Saturday, October 11, 2014

Fed Concerned That Strong Dollar Creating Stability Issue

Are Currencies Unstable?
Recently released minutes from the last Federal Reserve meeting confirmed growing concern about the pressure a stronger dollar is putting on other currencies around the world. Bottom-line is other currencies are under assault because both economies are weak and countries are buried in debt they can never repay at real market interest rates. This adds a great deal of validity to an article I recently penned concerning a somewhat unnoticed shift in the currency markets. In an article on Sept. 20th titled "Caution Alert, Currencies May Get Wild" I outlined how for months the major world currencies had traded in a narrow range as if held in limbo by some great force. But, that may be changing and using history as a guide markets show no mercy when this shift occurs.

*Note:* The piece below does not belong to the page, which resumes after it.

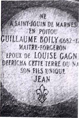 Guillaume Boily est né à Saint Jouin le 12 janvier 1682 dans une famille de neuf enfants. En 1724, les récoltes étaient mauvaises, la famine menaçait : cédant aux propositions alléchantes d'un recruteur du Roi, le forgeron Guillaume Boily, âgé de 42 ans n'a pas hésité à s'embarquer à la Rochelle à destination de la Nouvelle France (Canada).
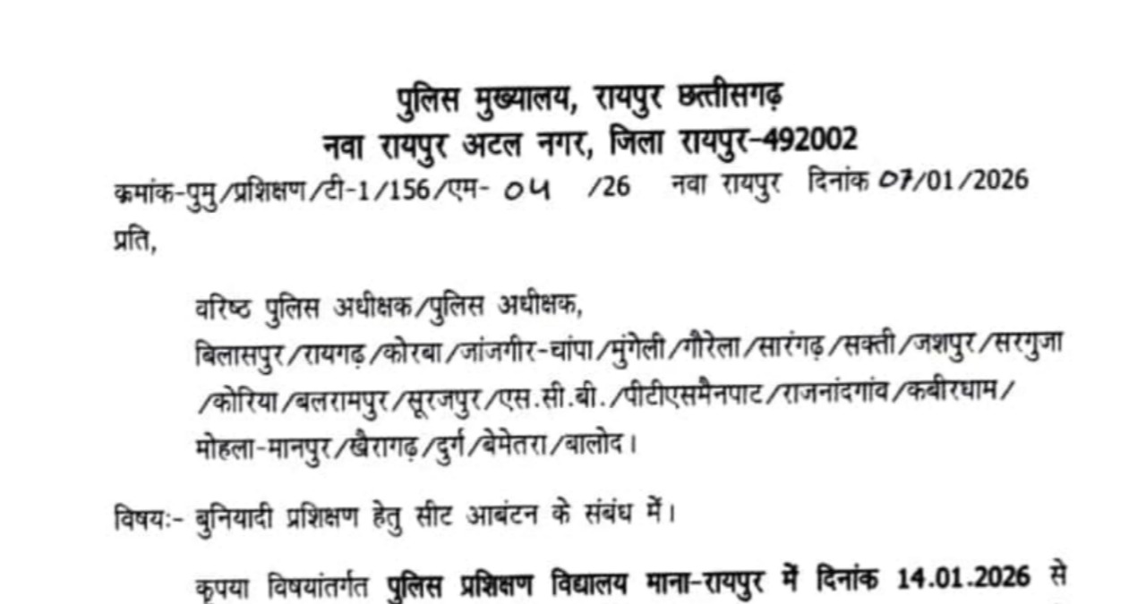 1. प्रशिक्षण तिथि बुनियादी प्रशिक्षण 14.01.2026 से पुलिस प्रशिक्षण विद्यालय, माना-रायपुर में शुरू होगा।

A Bloomberg article by October 8th delves into how the dollar fell from almost a four-year high after Federal Reserve minutes were released last week. They showed officials are concerned that the global slowdown and a stronger currency also pose risks to the U.S. economic outlook. Afterwards, the greenback weakened  as futures traders lowered bets the Fed will lift interest rates. “It kind of looks like the Fed will take any excuse not to normalize rates in the near term,” Lennon Sweeting, a San Francisco-based dealer at the broker and payment provider USForex Inc., said in a phone interview. “What we’re seeing is consolidation and probably a brief period of stability. Overall, the bull rally on the dollar is still intact.

I contend that the central banks have made an effort to reinforce feelings of economic stability by keeping currencies trading in a "quiet" range. This has allowed people to think the global economy was on sound footing as central banks across the world continued to print and pump out money chasing the "ever elusive growth" that always appears to be just around the corner. Because of weak demand for goods little reason has existed to pump this money into investments in buildings and equipment thus much of it has flowed into intangible investments. This is the reason inflation has not been a major problem and explains the surge of stock prices to all time highs. Yes, this is a bubble manipulated higher by those with money chasing returns and taking on risk in a low interest rate environment. Have no doubt the seeds for inflation in the future have been planted everywhere.

When investors become unwilling to buy the bonds of heavily indebted nations causing the bond bubble to burst the values of currencies in those countries will tumble. John Maynard Keynes said By a continuing process of inflation, government can confiscate, secretly and unobserved, an important part of the wealth of their citizens. As the central banks print like crazy to control interest rates on bonds they devalue the currency. While there are not many Bond Vigilantes there are a slew of  Currency Vigilantes and they are ready to make their presence known. Recent weakness in the value of the Yen, Pound, and Euro must not go unnoticed. The Currency Vigilantes are acutely aware of when a currency is overvalued or ready to be re-pegged and pounce on the weak currency to tear it apart.

Today we live in an age when billions of dollars can be traded in just the blink of an eye, imagine how fast things could go to hell. Even the batch of recently created money will be used against the Central Banks that created it. The country most vulnerable to a currency collapse is Japan which faces a wall of debt that can only be addressed by printing more money and debasing their currency.  Often because of its size people forget that little Japan is the worlds third largest economy making it a huge economic power with a big shadow. The recent multi-year lows in the yen are very important. When Japan crumbles it will be felt across the world. I believe the cross-border flow of money leaving Japan is one reason many of the worlds stock markets have remained so resilient.

With the death of the Yen the myth that advanced Democratic countries are immune to hyperinflation will be destroyed. Soon after that people will realize that the Euro, Pound, and even the Dollar are not safe from hyperinflation.  Japan will be the first domino to fall, but not the last. This will bring much clarity to the debate of whether the next crisis will be of a deflationary or inflationary nature. The dollar is not immune, but I predict it will be the last to go. More and more often we seen Central Bankers forced to pull rabbits out of their hats knowing if people lose faith in the major currencies the system will come crashing down around our ears.  As we stand on the abyss central bankers will be forced to print so much worthless paper the money it will act as a cushion to our fall but not change the reality currencies are about to be debased.

Footnote; As always your comments are encouraged. World Central Banks have been on this murky path for a long time, please see the following posts. One deals with how this has detached from reality and other looks at how if a meltdown occurs many people will use it as a reason to adopt a new "world currency"

Footnote #2; My apologies for again returning to the subject of "currencies" so soon but, I found the Federal Reserve minutes a compelling reason to do this article.